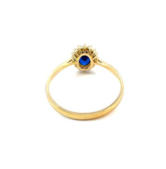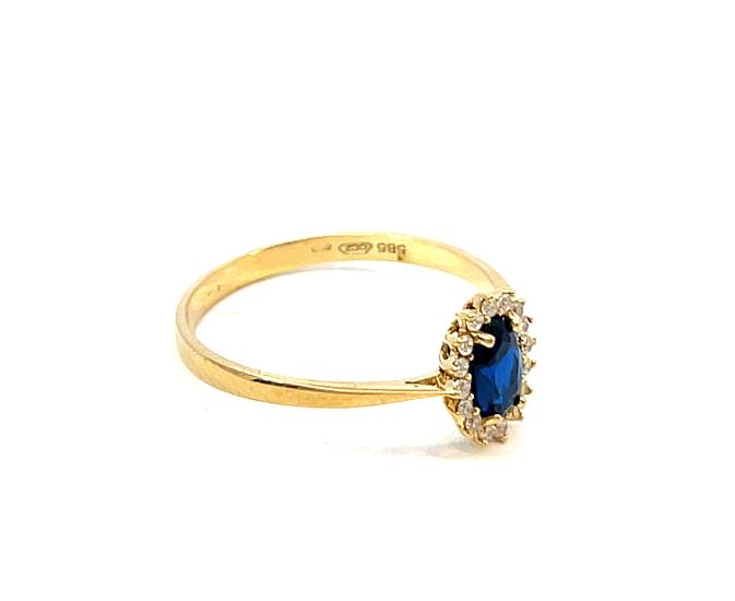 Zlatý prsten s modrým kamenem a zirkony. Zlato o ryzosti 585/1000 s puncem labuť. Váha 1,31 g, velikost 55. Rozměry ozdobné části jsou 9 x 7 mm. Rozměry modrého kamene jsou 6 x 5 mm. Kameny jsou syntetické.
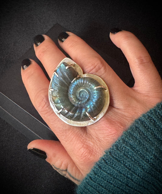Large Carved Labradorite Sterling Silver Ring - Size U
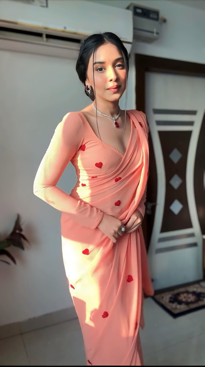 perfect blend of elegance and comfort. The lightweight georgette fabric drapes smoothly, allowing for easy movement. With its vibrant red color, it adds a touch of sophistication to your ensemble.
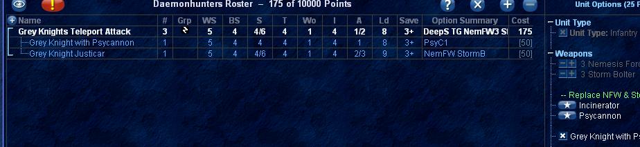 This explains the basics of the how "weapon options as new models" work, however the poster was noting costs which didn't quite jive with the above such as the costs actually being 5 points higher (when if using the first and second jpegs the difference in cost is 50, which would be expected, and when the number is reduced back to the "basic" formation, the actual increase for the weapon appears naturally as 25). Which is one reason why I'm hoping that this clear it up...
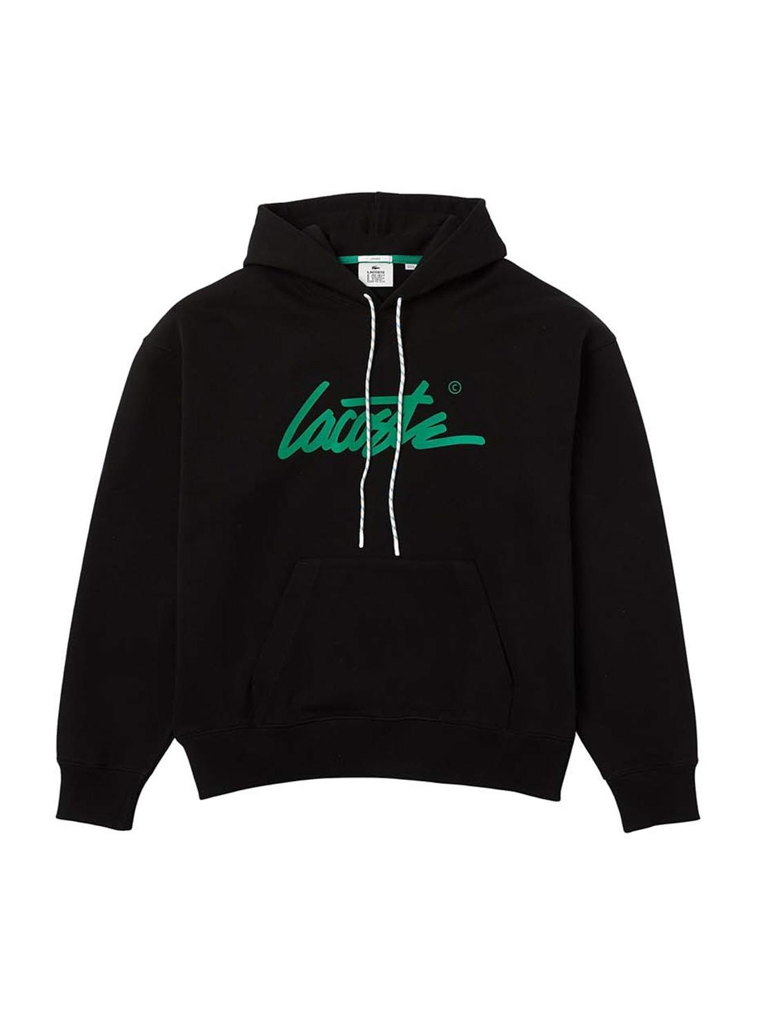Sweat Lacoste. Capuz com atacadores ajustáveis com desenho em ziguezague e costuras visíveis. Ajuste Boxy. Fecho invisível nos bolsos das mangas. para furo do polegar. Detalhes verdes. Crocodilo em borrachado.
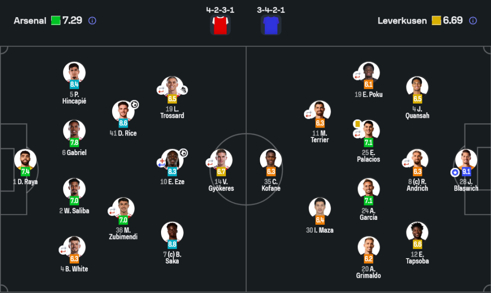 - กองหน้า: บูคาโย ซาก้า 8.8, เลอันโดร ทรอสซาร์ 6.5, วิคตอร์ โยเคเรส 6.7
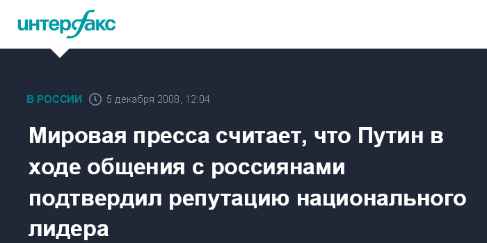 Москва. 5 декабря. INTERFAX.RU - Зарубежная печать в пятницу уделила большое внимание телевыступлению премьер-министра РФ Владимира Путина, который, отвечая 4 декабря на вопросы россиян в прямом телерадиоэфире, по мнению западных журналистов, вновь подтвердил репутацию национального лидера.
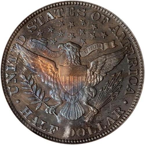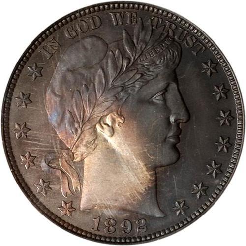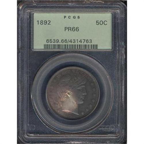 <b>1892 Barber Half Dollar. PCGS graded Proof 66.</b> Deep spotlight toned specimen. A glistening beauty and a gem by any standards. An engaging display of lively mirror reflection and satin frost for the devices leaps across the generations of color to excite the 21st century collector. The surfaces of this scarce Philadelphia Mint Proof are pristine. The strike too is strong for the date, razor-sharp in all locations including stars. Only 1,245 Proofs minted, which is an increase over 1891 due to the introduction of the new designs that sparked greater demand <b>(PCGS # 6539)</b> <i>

*WHAT YOU HAVE TO DO*
Give back the material exactly as written, from its first line to the line that contains "Large Carved Labradorite", and leave out the pictures.

*TASK ANSWER*
 Zlatý prsten s modrým kamenem a zirkony. Zlato o ryzosti 585/1000 s puncem labuť. Váha 1,31 g, velikost 55. Rozměry ozdobné části jsou 9 x 7 mm. Rozměry modrého kamene jsou 6 x 5 mm. Kameny jsou syntetické.
Large Carved Labradorite Sterling Silver Ring - Size U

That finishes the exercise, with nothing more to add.